Второе направление в этике рассматривает мораль как конкретное свойство конкретных индивидов. Моральные нормы лишаются изначального, внеэмпирического статуса, а соответственно и абсолютной власти над личностью. Не мир подводится под моральные принципы, а, напротив, моральные принципы выводятся из мира. Этика отрицает необходимость подавления живых склонностей во имя абстрактных норм, видит в морали выражение и продолжение природных и социальных характеристик человека, придает нормативный смысл его стремлениям, потребностям и интересам. Эта ориентация этической теории воплотилась по преимуществу в концепциях гедонизма, евдемонизма, утилитаризма, разумного эгоизма.

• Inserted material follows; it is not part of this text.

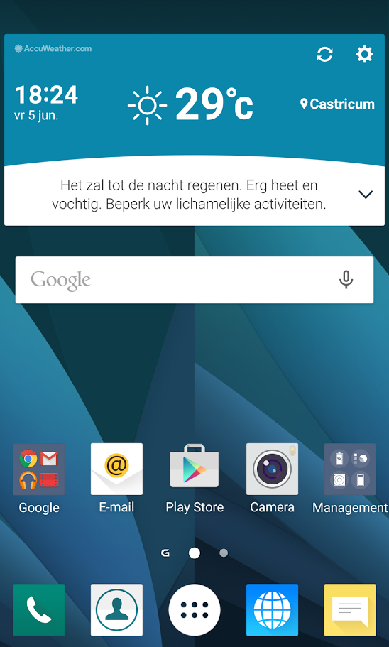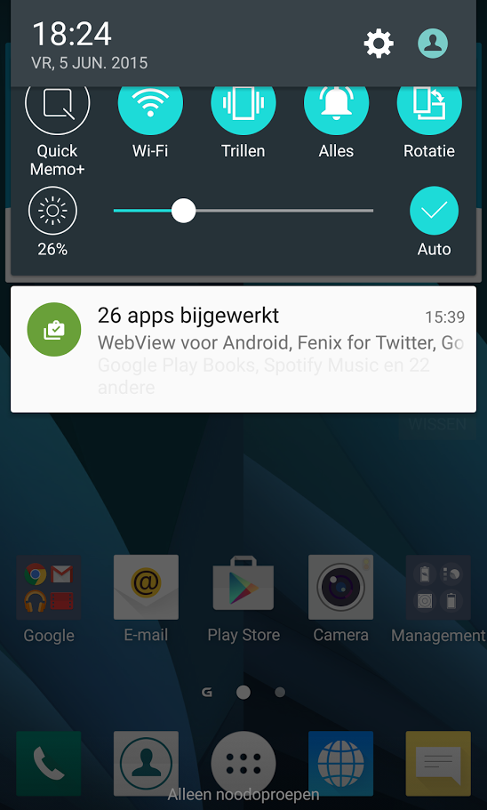 LG stond een paar jaar geleden bekend als een fabrikant die traag was met het updaten van smartphones. Ook de schil die het bedrijf over Android legde kon op weinig waardering rekenen. Dat is nu wel anders: de G4 draait op de nieuwste Android-versie (5.1 Lollipop) en beschikt over LG’s UX 4.0-interface. Deze schil oogt fris en maakt gebruik van felle kleuren en Material Design elementen. En alhoewel UX 4.0 wel iets anders is dan vanille Android, kan ik er prima mee werken. LG heeft de telefoon voorzien van een paar eigen applicaties, waaronder een prima bestandsbeheerder en mooie galerij-app. Er wordt ook een ‘smart bulletin’ meegeleverd, al haalt die het in mijn ogen niet bij Google Now. Verder krijg je twee jaar lang 100GB opslag in Google Drive cadeau, een leuke extra. Enne, over die appicoontjes: die mogen nog wel een make-over krijgen hoor.

Различие указанных подходов к пониманию морали было своеобразным проявлением на этической почве спора основных философских партий. То, что в гносеологии предстает как борьба материализма и идеализма, "линии Демокрита" и "линии Платона", в домарксистской зтнке обнаруживается как противостояние евдемонизма и самоотречения, эпикурейской и стоической традиций в понимании целей и смысла человеческой жизнедеятельности. Основную суть разделяющих эти линии решений можно передать формулой:
мораль для человека или человек для морали. Материализм стремится "низвести" мораль до одного из способов самоутверждения конкретного человека, а идеализм, напротив, "поднять" реального человека до уровня моральных абстракций: материализм имеет дело с моральным человеком, а идеализм - с человеком морали. Напряженная борьба этих тенденций составляет внутренний нерв домарксистской этики.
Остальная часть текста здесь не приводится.